Tuesday, November 20, 2012

Missing in Action


   It was hoped that the literary fad of omitting dialogue quotation marks in novels would simply slip silently away into the night. Regretfully, it has not.
   The fad appears to have started with Cormac McCarthy, who became hugely successful with his novels The Road and No Country for Old Men. McCarthy has said there is no reason to blot the page up with weird little marks. (That’s a quote, incidentally). If someone can do something outside the norm and still be successful, others definitely will follow the Pied Piper.
   I've just finished reading Hologram for the King, which is a strong parable but takes some thought to figure out the messages the writer is trying to get across. Thought that is constantly interrupted by the use of a single long dash to denote the start of direct dialogue. There is nothing to show where it ends. It’s hard to figure out who is saying what, when and to whom.

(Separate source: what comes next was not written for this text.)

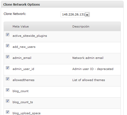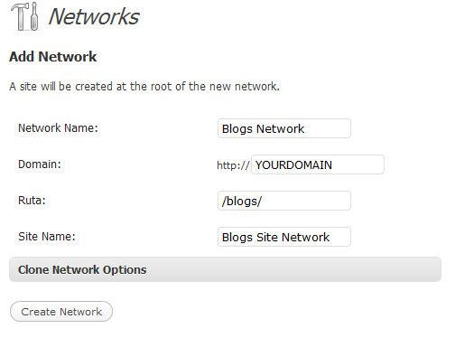 Click on the “Clone Network Options” link. I recommend you that select all options except siteurl. You can change those later on.
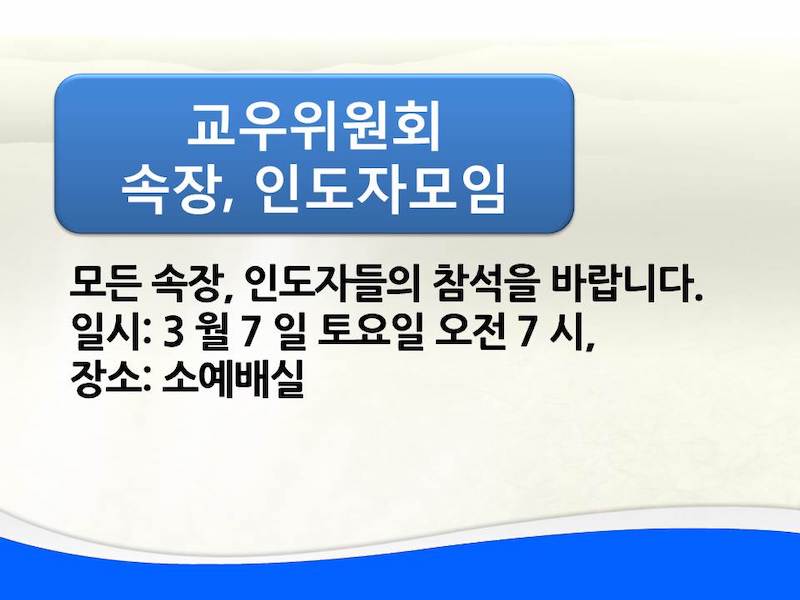 속장, 인도자모임 Publish on February 26,2015 | 관리자 페이지 정보 작성자 관리자 댓글 0건 조회 5,873회 작성일 15-02-26 21:02 목록 본문 속장, 인도자모임모든 속장, 인도자들의 참석을 바랍니다. 일시: 3 월 7 일 토요일 오전 7 시, 장소: 소예배실 이전글2015년 3월 1일 15.03.01 다음글2월 27일 금요일 행사 15.02.26 댓글 0 댓글목록 등록된 댓글이 없습니다. 목록

   I finished Hologram and started into The Round House by Louise Erdrich, a favourite writer whose work grows stronger with each outing. Alas, Erdrich has been swept up by the fad: there are no dialogue quotation marks in the book. My mind is regularly distracted from the story while trying to figure out who has started and finished talking.
   Why make a reader work figuring out dialogue and risk distracting him or her from the story? Not using quotation marks is a silly, unnecessary technique that adds to the public perception that literature is pretentious.